**Provided entries**
━━━━━━━━
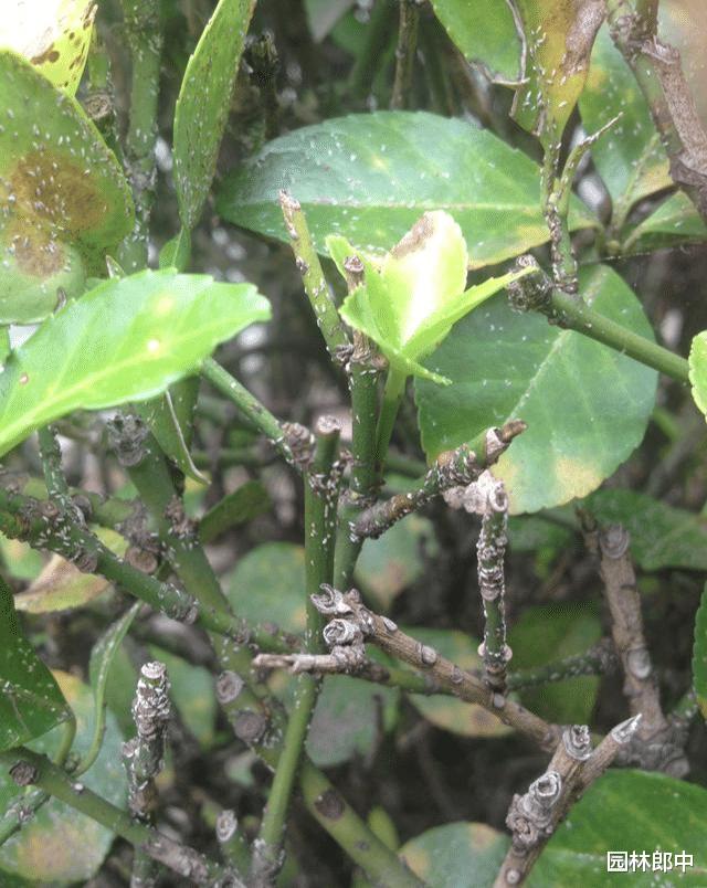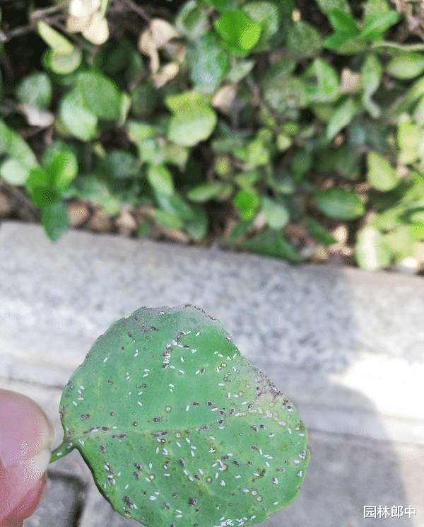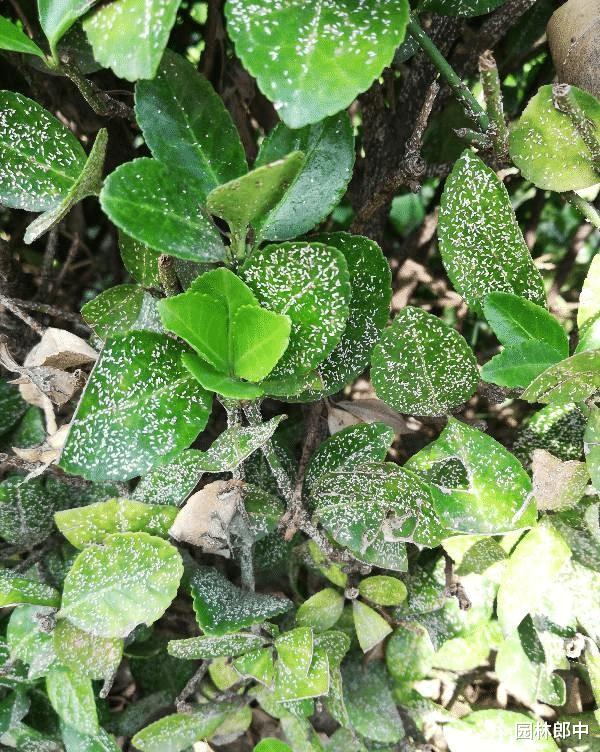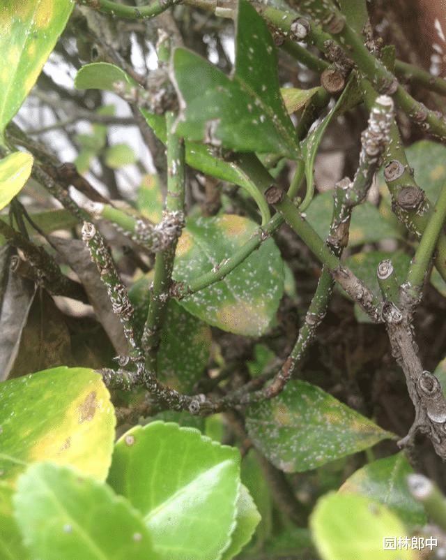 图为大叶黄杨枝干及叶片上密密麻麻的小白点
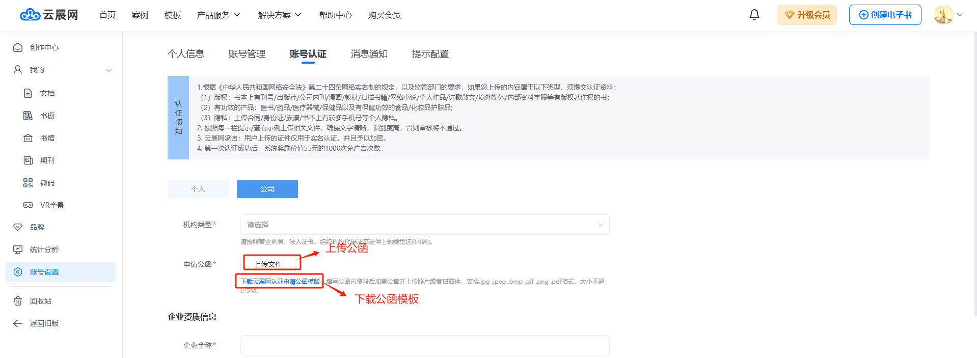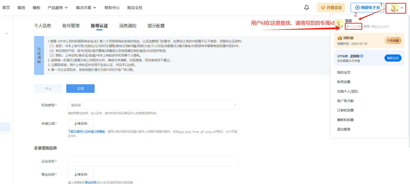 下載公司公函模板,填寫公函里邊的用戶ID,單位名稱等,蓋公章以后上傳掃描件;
━━━━━━━━
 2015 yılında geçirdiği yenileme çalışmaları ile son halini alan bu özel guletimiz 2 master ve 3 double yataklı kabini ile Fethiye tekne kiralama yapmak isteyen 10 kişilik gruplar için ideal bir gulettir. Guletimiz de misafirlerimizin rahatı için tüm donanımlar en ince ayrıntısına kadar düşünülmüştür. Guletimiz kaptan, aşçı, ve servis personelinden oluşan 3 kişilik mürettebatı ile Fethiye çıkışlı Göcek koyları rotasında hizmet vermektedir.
━━━━━━━━
**Work instruction**
Print from the line containing "图为大叶黄杨枝干及叶片上密密麻麻的小白点" through the line containing "下載公司公函模板,填寫公函里邊的用戶ID,單位名稱等,蓋公章以后上傳掃描件;" in the data above, exactly as the lines stand, and omit every picture.

**Result of the task**
 图为大叶黄杨枝干及叶片上密密麻麻的小白点
 下載公司公函模板,填寫公函里邊的用戶ID,單位名稱等,蓋公章以后上傳掃描件;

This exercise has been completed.